Genellikle yeryüzünün su ile bedenin ise ruh ile hayata kavuştuğu kabul edilir. Öte yandan hayat olmadan görme duyma tatma ve benzeri gibi algıların çalışmadığı ve canlı olmayanın herhangi bir deneyiminden söz edilemediği de bir gerçek.
İnanmak insana özgü ve insan kalbinin vazgeçilmez ihtiyacı olan bir olgudur. Kalbin hayat kaynağının iman olduğu söylenir.

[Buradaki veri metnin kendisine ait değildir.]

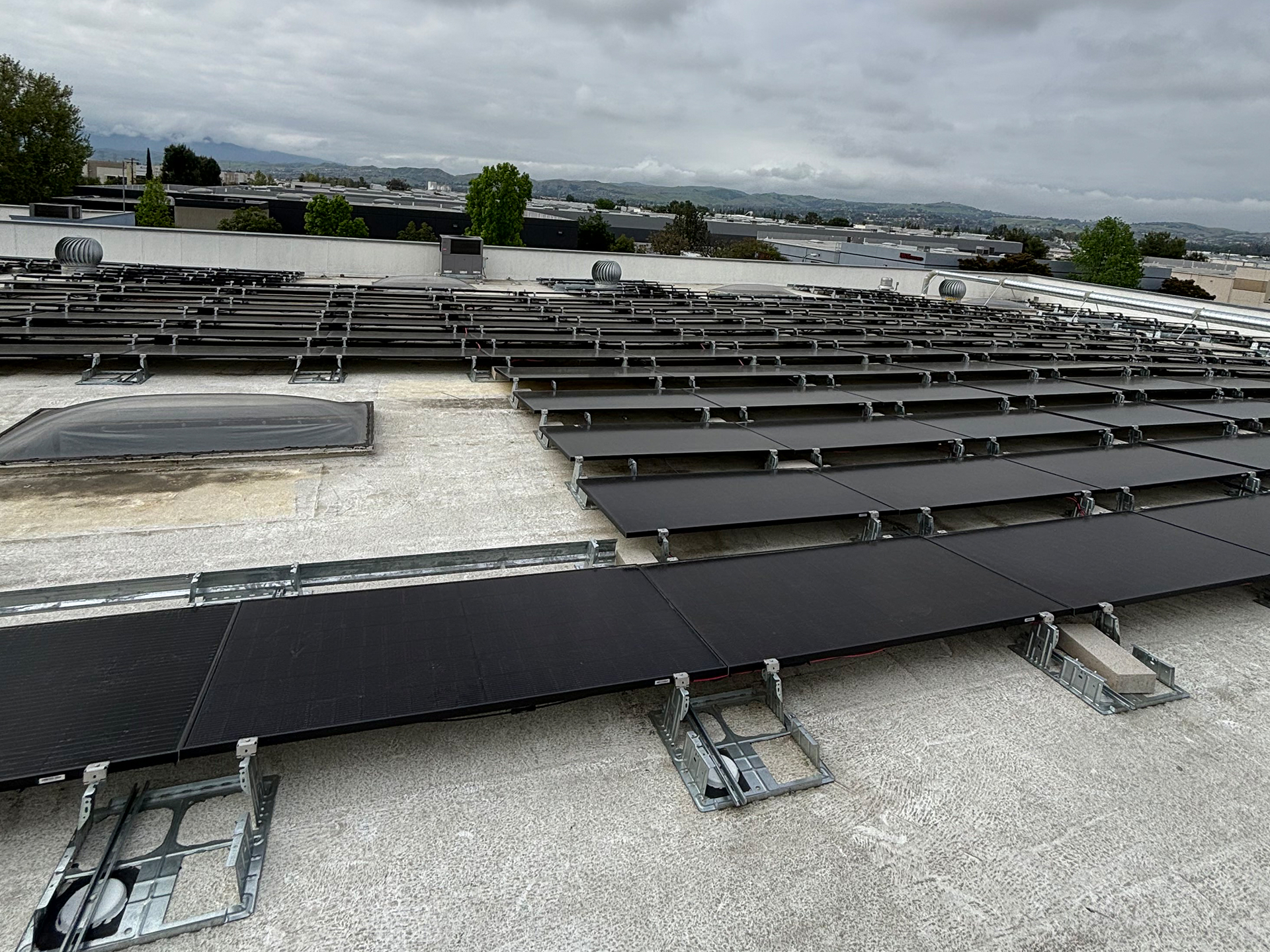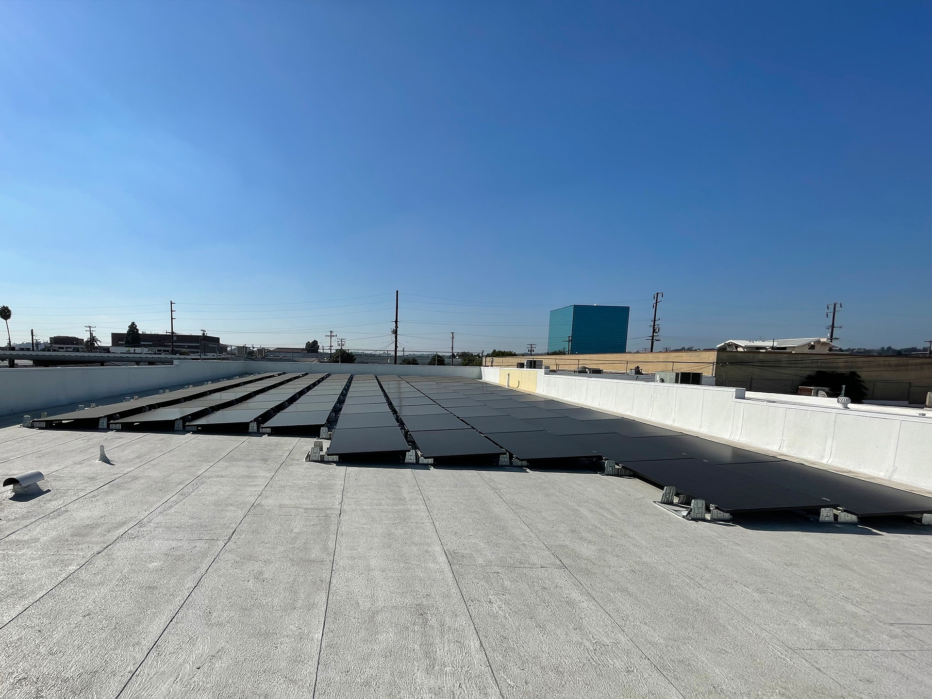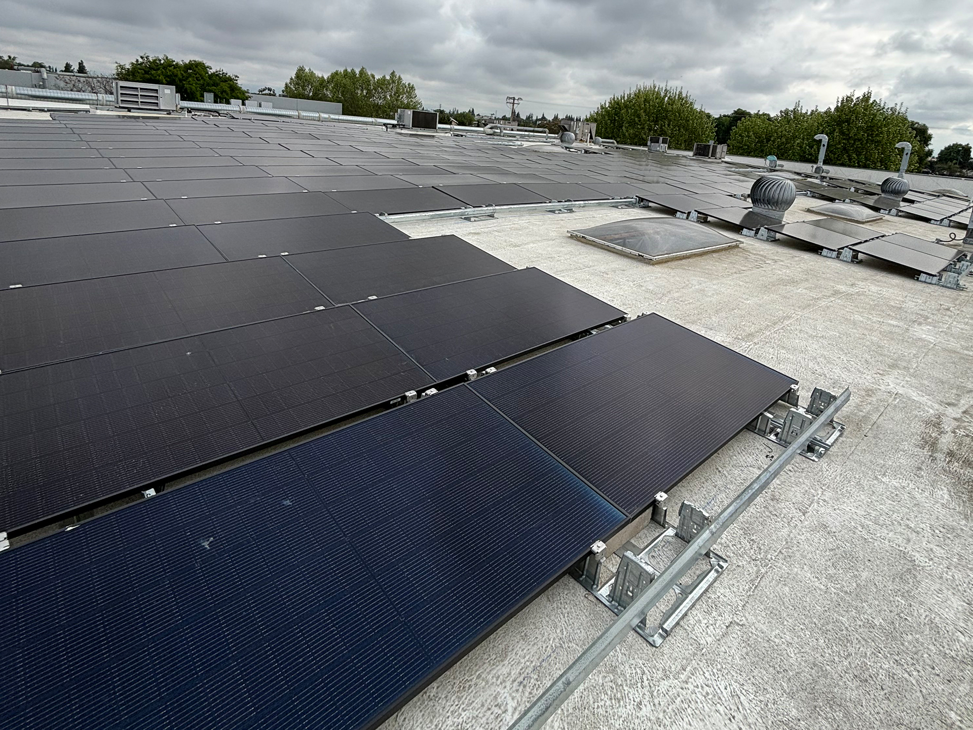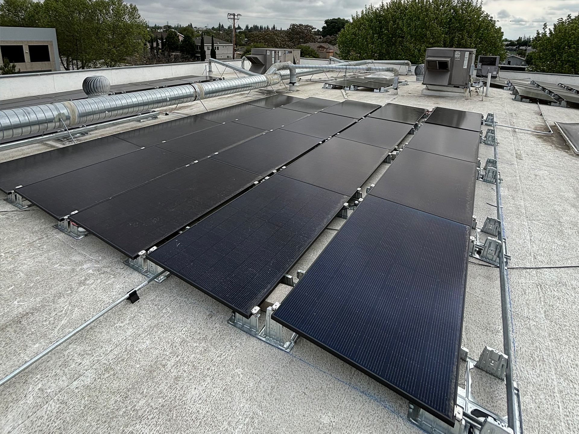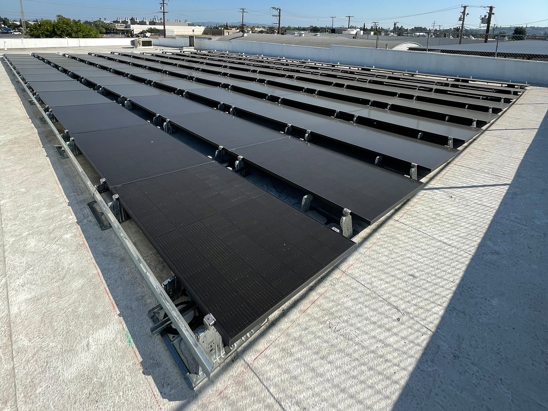 CS&E installed a 41.2 kW commercial solar energy system on a flat membrane roof using a ballast-mounted racking solution designed to avoid roof penetrations while maximizing structural safety. The system features 103 Q-Peak DUO 400-watt solar panels integrated through a DC system configuration to deliver reliable, high-efficiency energy production for daily business operations. This solution was designed to help the facility stabilize rising utility costs while maintaining full roof integrity, providing a clean and durable commercial solar installation that supports long-term energy savings and operational efficiency.

İnsanın duyu organlarıyla algıladığı ve deneylediği bir şeye inanmaya çağrılması absürd bir teklif olurdu. İşte dünya hayatındaki serüvenimizin tüm gerekçesi de burada bulunmaktadır. Görüp duyumsadığımızdan hareketle görme ve deneyimlerimize girmeyene ulaşmak için aramak gerekmektedir. Bu arayışta mevcut koşullar bize yardımcı olabileceği gibi aynı şartların köstek olması da muhtemeldir. Akıldan çıkarmamamız gereken şey bu yolculukta yitenler olduğu gibi bulanların da var olduğudur. Yola çıkmadan ne ile yüzleşeceğimiz her zaman kestirilemez. Böyledir diye ortadaki bu belirsizlik nedeniyle insanın en hayati görevini ertelemesi veya ihmal etmesi akıl kârı değildir.